As we enter 2018, Brexit and the final push for timely GDPR implementation will undoubtedly continue to be top agenda items for companies with interests in the EU. But the EU is already set to offer new challenges to keep us engaged throughout the year. Technology companies in particular should take note of proposed developments in EU export controls, set to proceed to a vote in the European Parliament plenary session in early 2018.

The EU dual-use recast, approved on November 23, 2017, by an overwhelming 34-1 vote of the European Parliament International Trade Committee, calls for updates to the 2009 Regulation (EC) No 428/2009 – the Dual-use Regulation. The regulation established a general framework for export controls on “dual-use items,” which are broadly defined as “items which can be used for both civil and military purposes,” and listed on a regularly updated annex which includes an array of items from uranium to certain types of sealants.

Though the dual-use items list is quite comprehensive, the regulation leaves administrative, substantive, and operational decisions largely to the member states, resulting in a lack of harmonization across the EU. The recast will address some harmonization issues, but will also bring additional items into the classification of dual-use items, including tools that can be used for cyber-surveillance. Companies wishing to sell covered cyber-surveillance items will be required to seek approval from national export control authorities before the items can be exported from an EU country to a non-EU country. Affected cyber-surveillance tools include items that “intercept mobile phones, remotely hack into computers, circumvent passwords, or identify internet users.”

Though the dual-use items list is quite comprehensive, the regulation leaves administrative, substantive, and operational decisions largely to the member states, resulting in a lack of harmonization across the EU.

In keeping with the EU’s Trade for All strategy, the driving force behind the recast is the EU’s commitment to fair and ethical trade and human rights. More specifically, the recast stems from a 2011 EU review of export controls on dual-use items, following human rights abuses that occurred during the Arab Spring. High profile abuses using cyber-surveillance items include the attack against Ahmed Mansoor, an activist calling for reform in the United Arab Emirates, using Israeli-sourced “Pegasus” spyware, and BAE's sale through a Danish affiliate of “mass surveillance technology to six Middle Eastern governments that have been criticised for repressing their citizens.”

The BAE sale highlights the importance of harmonization. As reported by The Guardian’s Rob Evans, “if the UK had been asked to approve the export of this technology, it would have refused on the grounds that it could damage the security of the UK and its allies. ... However, the Danish government approved the export, partly because its own intelligence service and foreign affairs advisers had not objected.” 

Though the intent behind the proposed restrictions may be noble, a 2011 European Commission Green Paper acknowledges a key weakness in the strategy: Bad actors can find cyber-surveillance tools whether or not EU companies can export them. As the European Commission noted, “[t]he issue of foreign availability of controlled items is a key element of export control considerations as it significantly influences decisions on whether or not to control certain items. If there is broad foreign availability of particular goods, the reasons behind their control are greatly diminished, as the respective export control decisions can potentially negatively influence business performance, while not achieving any security goals.”

The recast is not limited to increasing restrictions on trade. In fact, German MEP Klaus Buchner introduced an amendment that would relax restrictions on technology products that use encryption. In Buchner’s view,  “Cryptography technology does not belong in the scope of dual use export controls. It is the task of the Commission to introduce coordinated activity of Member States in the framework of the Wassenaar Arrangement to eliminate cryptography technology from the list of controlled items.”

Profit-seeking businesses are not the only parties interested in lifting trade restrictions on cryptography technology. Rights organizations, including Privacy International, have long argued that restrictions on encryption hinder cooperation and transparency in research and lead to vulnerabilities as companies reduce security features to avoid export restrictions. 

The call to remove cryptography technology from the scope of dual-use export controls is an encouraging development for technology companies and rights organizations alike, but one that will require patience. 

The call to remove cryptography technology from the scope of dual-use export controls is an encouraging development for technology companies and rights organizations alike, but one that will require patience.

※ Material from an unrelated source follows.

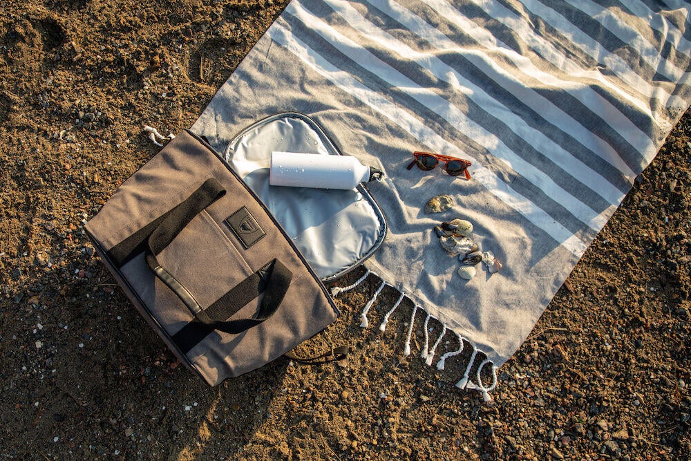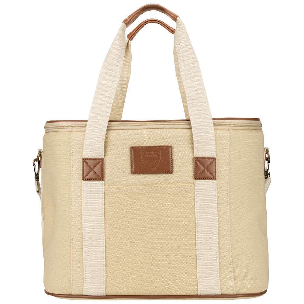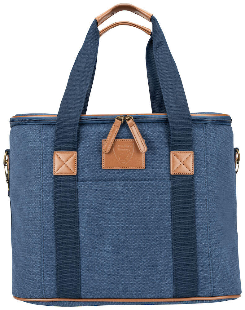Orrefors kylmälaukku on vahvaa kangasta, ja siinä on säädettävä olkahihna ja kantokahva.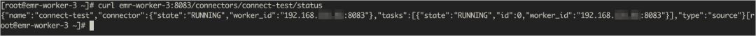 以root用户运行如下命令查看本例创建的Kafka Connect(本例为connect-test)的状态。

Buchner’s own comment defers to the framework of the Wassenaar Arrangement, one of four international export control regimes addressing suppliers of dual-use goods, and the amendment itself does not direct the removal of cryptography technology from export controls, but rather directs the European Commission to propose legislation to remove such items within the next “five to seven years.”  

Nonetheless, the measure has strong support across the political spectrum and is unlikely to be weakened as the MEPs proceed to negotiate agreement with the Commission and member state governments in the coming months.